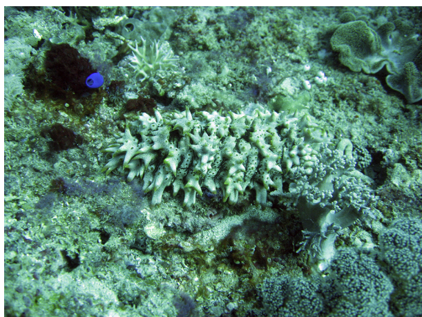
Fig. 2. Thelonata ananas from Kupang, Indonesia.

T. ananas and T. anax are two sea cucumber species belong to the Stichopodidae family which found in tropical waters. T. ananas (Fig. 2) are known as pineapple sea cucumber or prickly redfish. These species is considered as commercial sea cucumber species and one of the most popular edible sea cucumber species consumed in China and Southeast Asian countries. 16 Due to intense commercially exploitation population, these sea cucumber species declined by 80–90% in at least 50% of its range and listed as endangered species by the International Union for Conservation of Nature . Medicinal value of T. ananas including antioxidant, anti-inflammatory, antitumor, antiproliferative, anticoagulant and antiviral effects have been established.
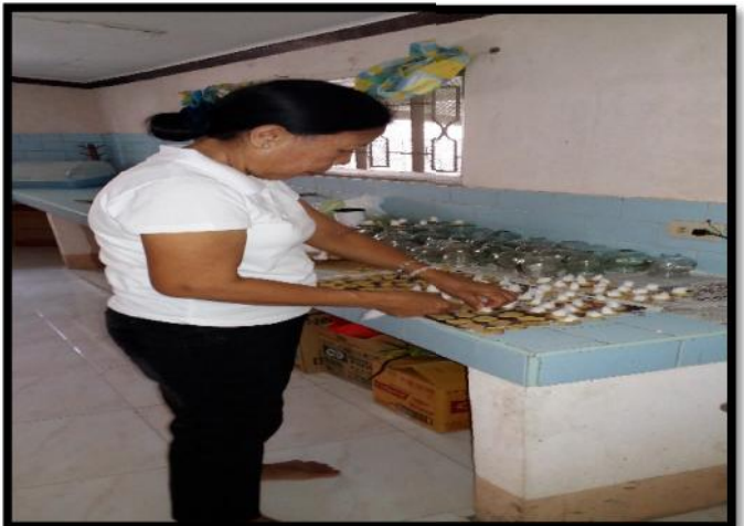
4.3. Cupping and Bentusa
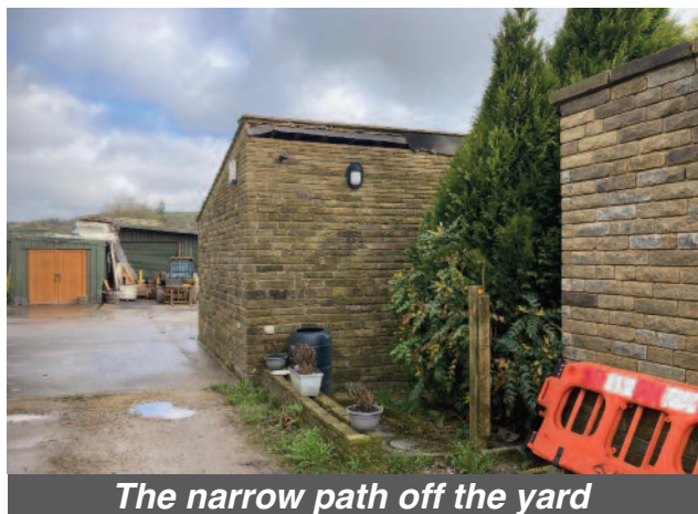
The narrow path off the yard
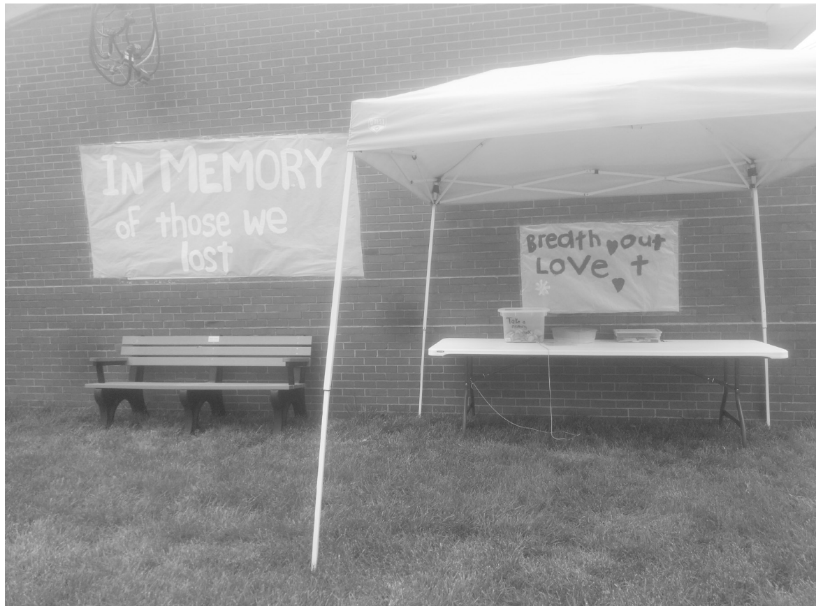
Pen & paper is set out to write a name and/or message for those who are no longer with us.
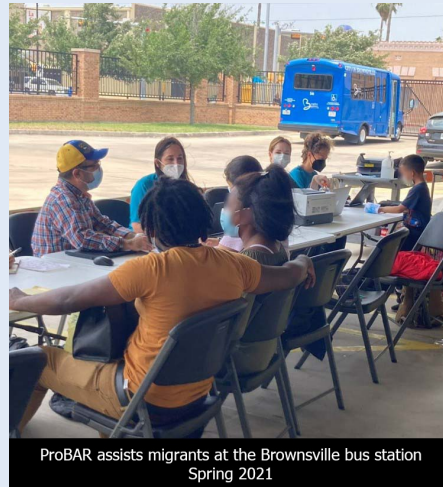
ProBAR assists migrants at the Brownsville bus station Spring 2021

However, in August 2021 a federal district court enjoined the termination of the MPP program. This means that the Biden Administration was ordered to reinstate the program. The reinstatement first affected other areas of the border, including El Paso and San Diego, before officials began to enroll asylum-seekers in our region in mid- to late-January.
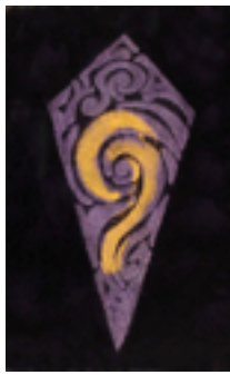
Highlighting- gold added by painting over the curved shape
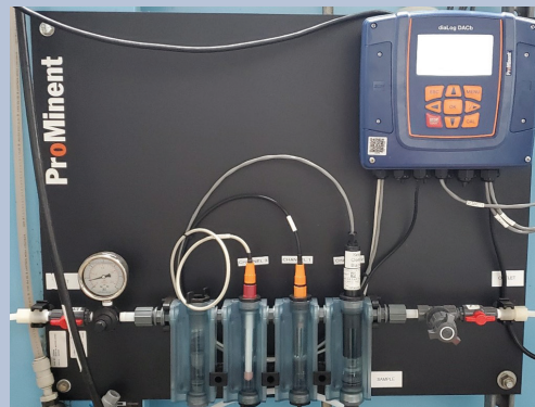
New Prominent Chlorine Analyzer replaced older failed and discontinued analyzer equipment

The Chlorine Analyzer on Treatment Plant 2 stopped working during the Caldor Fire recovery and the equipment model had been discontinued. This equipment provides real-time chlorine analysis to optimize the disinfection process for our water treatment operators. Replacement equipment was purchased and installed by staff for approximately $12,000.
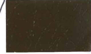
Vandyke Brown CD2 08B29
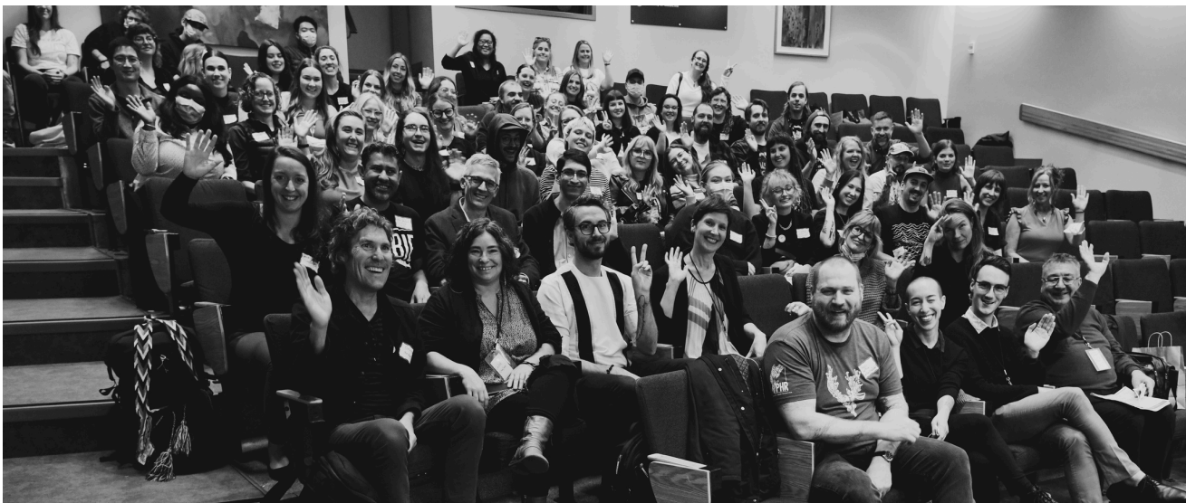
2023 Symposium Participants

-BC Centre on Substance Use and Fraser Health Authority

Work request =>
Would you restate, word for word, the lines from the one holding "Vandyke Brown CD2 08B29" through the end of the material above? Omit the pictures.

Result for this task =>
Vandyke Brown CD2 08B29
2023 Symposium Participants

-BC Centre on Substance Use and Fraser Health Authority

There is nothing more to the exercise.